San Jose

Berkeley Joins Others in Suing Monsanto Over PCB Pollution

The Berkeley City Council has voted unanimously to file a nuisance lawsuit that seeks to hold Monsanto Co. accountable for the cost of cleaning up contamination that the city believes is linked to the company's products.

The council's 6-0 vote on Tuesday means that Berkeley is joining Oakland, San Jose, San Diego and Spokane, Washington, in filing suits against Monsanto, an agricultural biotech company based in St. Louis.

The suit will seek to recover the cost of cleaning up PCBs, synthetic organic chemicals whose full name is polychlorinated biphenyl.

Oakland's suit was filed in November in U.S. District Court in San Francisco and seeks compensatory and punitive damages for the continuing presence of PCBs in Oakland runoff.

The chemicals were used in power transformers, electrical equipment, paints, caulks and other building materials, according to Oakland's city attorney's office.
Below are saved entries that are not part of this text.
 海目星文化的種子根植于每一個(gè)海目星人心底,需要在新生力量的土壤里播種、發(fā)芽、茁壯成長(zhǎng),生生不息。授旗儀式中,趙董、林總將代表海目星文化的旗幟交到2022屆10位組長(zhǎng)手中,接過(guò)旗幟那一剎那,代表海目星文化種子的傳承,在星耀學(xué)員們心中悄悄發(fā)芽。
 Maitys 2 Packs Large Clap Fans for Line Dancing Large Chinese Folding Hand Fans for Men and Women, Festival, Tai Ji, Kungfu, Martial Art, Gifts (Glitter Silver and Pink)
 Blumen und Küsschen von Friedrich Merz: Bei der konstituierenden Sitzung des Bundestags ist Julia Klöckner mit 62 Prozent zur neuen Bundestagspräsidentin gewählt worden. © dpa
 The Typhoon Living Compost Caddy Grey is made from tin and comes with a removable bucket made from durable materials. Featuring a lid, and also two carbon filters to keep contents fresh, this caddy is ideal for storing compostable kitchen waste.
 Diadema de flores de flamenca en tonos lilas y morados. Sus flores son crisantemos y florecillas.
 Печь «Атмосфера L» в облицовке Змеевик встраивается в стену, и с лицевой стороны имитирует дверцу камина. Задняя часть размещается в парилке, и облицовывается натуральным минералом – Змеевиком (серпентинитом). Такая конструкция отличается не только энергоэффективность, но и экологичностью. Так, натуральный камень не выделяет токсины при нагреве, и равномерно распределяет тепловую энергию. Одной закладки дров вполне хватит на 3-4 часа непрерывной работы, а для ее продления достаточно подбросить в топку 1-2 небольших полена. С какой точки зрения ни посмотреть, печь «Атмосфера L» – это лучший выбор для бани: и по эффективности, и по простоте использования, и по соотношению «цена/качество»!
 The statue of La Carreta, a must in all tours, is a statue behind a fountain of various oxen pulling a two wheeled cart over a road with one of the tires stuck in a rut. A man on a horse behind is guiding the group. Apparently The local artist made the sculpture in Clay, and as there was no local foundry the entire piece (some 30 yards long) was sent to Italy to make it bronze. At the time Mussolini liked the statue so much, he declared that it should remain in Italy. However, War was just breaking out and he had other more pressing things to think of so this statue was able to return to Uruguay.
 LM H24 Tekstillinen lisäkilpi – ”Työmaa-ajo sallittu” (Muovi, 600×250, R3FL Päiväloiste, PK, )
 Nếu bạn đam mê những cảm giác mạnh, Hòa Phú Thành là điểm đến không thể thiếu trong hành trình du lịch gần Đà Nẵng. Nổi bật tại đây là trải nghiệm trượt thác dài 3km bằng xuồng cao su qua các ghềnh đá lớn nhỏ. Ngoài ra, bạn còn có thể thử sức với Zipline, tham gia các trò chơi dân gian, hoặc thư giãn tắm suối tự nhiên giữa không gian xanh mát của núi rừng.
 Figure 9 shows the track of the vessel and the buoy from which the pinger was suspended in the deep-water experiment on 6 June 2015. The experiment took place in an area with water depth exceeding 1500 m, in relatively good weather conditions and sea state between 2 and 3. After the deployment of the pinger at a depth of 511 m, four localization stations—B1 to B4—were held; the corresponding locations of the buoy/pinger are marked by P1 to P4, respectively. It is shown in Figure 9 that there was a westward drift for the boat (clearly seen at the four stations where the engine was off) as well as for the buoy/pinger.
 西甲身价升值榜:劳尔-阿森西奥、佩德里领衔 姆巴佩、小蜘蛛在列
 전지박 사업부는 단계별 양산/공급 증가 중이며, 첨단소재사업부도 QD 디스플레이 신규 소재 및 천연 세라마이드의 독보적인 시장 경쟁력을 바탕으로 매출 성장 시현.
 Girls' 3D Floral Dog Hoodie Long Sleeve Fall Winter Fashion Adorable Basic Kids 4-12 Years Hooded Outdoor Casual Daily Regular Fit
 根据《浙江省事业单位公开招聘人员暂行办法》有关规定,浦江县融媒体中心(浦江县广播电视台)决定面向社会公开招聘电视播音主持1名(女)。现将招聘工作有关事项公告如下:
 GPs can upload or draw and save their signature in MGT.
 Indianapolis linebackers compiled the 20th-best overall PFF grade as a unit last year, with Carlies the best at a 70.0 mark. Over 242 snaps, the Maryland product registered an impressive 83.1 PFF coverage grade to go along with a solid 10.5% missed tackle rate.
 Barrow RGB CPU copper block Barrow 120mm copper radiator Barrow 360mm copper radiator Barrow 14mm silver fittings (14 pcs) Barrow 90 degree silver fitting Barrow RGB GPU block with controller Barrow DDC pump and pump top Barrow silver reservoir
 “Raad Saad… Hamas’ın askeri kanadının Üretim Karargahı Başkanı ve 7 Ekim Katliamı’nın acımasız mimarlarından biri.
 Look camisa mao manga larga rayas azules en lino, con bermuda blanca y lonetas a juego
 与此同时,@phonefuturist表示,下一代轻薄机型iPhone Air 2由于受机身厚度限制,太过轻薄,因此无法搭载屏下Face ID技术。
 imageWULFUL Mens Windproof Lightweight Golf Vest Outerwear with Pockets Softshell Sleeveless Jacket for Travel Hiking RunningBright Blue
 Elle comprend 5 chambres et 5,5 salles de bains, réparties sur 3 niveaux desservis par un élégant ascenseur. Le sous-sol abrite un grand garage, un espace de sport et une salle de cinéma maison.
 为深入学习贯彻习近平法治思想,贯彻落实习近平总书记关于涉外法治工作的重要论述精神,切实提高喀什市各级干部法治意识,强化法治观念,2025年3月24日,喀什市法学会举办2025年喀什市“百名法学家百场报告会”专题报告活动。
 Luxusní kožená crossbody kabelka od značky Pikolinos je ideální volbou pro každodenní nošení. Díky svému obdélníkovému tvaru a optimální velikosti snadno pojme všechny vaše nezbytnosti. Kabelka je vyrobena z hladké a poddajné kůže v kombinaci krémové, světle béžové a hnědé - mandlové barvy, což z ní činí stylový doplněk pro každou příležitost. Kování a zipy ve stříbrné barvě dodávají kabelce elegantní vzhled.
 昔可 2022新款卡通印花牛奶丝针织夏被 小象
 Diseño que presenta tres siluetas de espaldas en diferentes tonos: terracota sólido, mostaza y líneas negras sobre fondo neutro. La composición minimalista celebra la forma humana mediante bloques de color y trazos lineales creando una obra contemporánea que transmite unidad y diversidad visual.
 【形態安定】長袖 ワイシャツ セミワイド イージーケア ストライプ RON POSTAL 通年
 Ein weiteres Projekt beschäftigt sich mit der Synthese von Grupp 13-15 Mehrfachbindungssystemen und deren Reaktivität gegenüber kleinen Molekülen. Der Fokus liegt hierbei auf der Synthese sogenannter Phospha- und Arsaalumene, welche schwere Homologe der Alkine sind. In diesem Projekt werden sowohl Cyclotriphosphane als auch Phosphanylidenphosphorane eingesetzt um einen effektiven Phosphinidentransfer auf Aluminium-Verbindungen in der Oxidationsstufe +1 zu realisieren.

The U.S. Environmental Protection Agency has found that PCBs are likely a carcinogen to humans.

Berkeley City Councilman Kriss Worthington, who led the effort to get the city to file suit, said today that it's possible that Berkeley's suit will be combined with those filed by other cities but he would prefer that it remain separate because "our issues are specific to Berkeley."

Worthington said, "Monsanto's polluting proliferation of PCBs was a corporate crime and restitution for this nefarious nuisance should come from Monsanto's profits, not from the taxpayers' pockets."

Monsanto officials couldn't immediately be reached for comment Wednesday.

On its website, Monsanto said PCBs were used in hundreds of industrial and commercial applications from the 1930s to 1970s and because they were non-flammable and provided electrical insulating properties, they were intended to increase the safety of products such as electrical equipment, motor oil, fluorescent light ballasts, cable insulation, caulk and thermal insulation.

Monsanto said many electrical and building codes and insurance companies required PCBs for use in electrical equipment in buildings where the possibility of fire presented a risk to human life.

Monsanto said that after studies determined that PCBs do not readily break down and can remain in the environment, its predecessor company decided to stop manufacturing them. The EPA banned their production in 1979.